ACTION ITEM: Your copy of the lines below must match them exactly and contain no images.

DATASET SECTION:
[Start of Attachment]

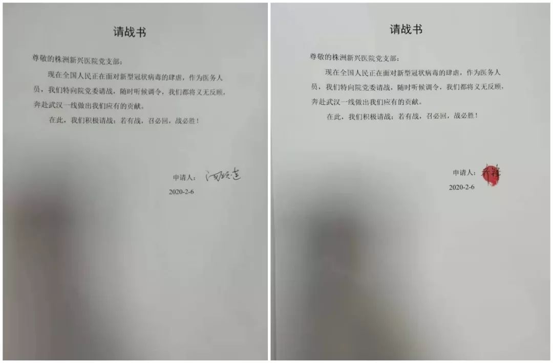 “国有战,召必回,战必胜,作为医务人员,我们特向党委请战,随时听候调令,我们都将义无反顾,奔赴武汉一线做出我们应有的贡献”。
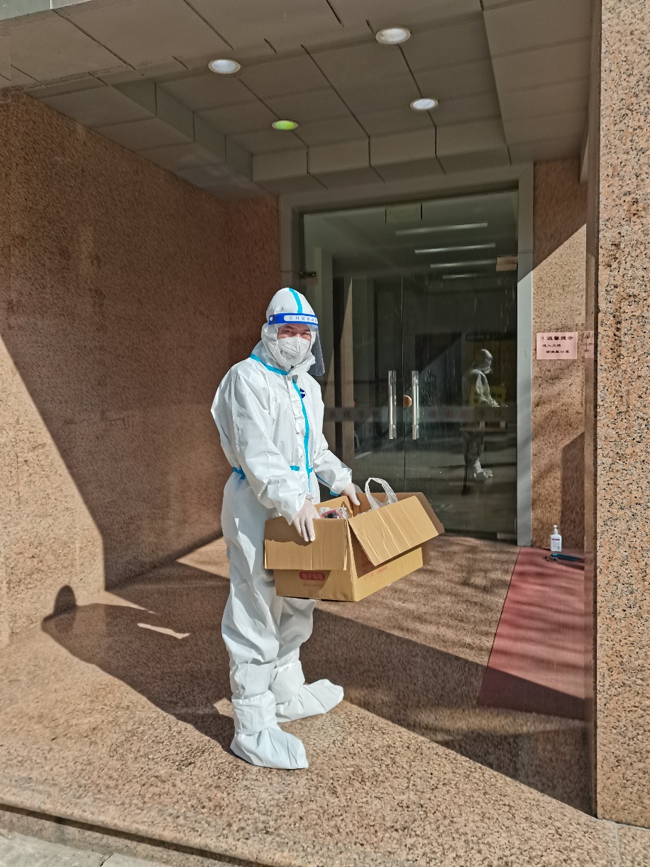 疫情就是命令,防控就是责任。“我是党员,我先上!”不仅在社区一线,在留校抗疫保障服务的一线,师生党员也在并肩作战。学院行政教工党支部书记刘明锋老师,从学校封控开始一直驻扎学校,服务师生,保障防疫后勤工作,现又在学校抗疫隔离区志愿服务,日夜奋战。还有留校服务的辅导员老师们,身为一名党员,关键时刻,坚决扛起责任、拿出担当、亮明身份。
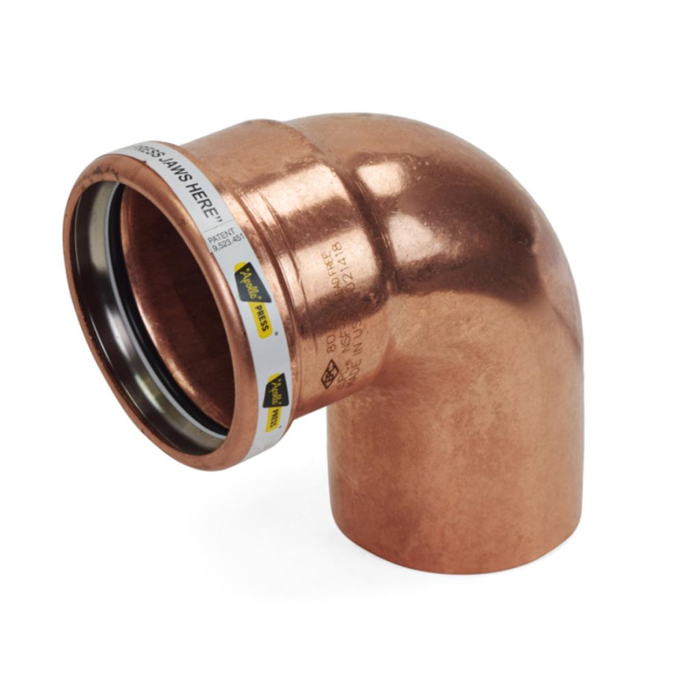 This close turn press elbow fitting connects 4" copper pipe to 4" press fitting outlet at a 90-degree angle.

[End of Attachment]

YOUR SOLUTION:
 “国有战,召必回,战必胜,作为医务人员,我们特向党委请战,随时听候调令,我们都将义无反顾,奔赴武汉一线做出我们应有的贡献”。
 疫情就是命令,防控就是责任。“我是党员,我先上!”不仅在社区一线,在留校抗疫保障服务的一线,师生党员也在并肩作战。学院行政教工党支部书记刘明锋老师,从学校封控开始一直驻扎学校,服务师生,保障防疫后勤工作,现又在学校抗疫隔离区志愿服务,日夜奋战。还有留校服务的辅导员老师们,身为一名党员,关键时刻,坚决扛起责任、拿出担当、亮明身份。
 This close turn press elbow fitting connects 4" copper pipe to 4" press fitting outlet at a 90-degree angle.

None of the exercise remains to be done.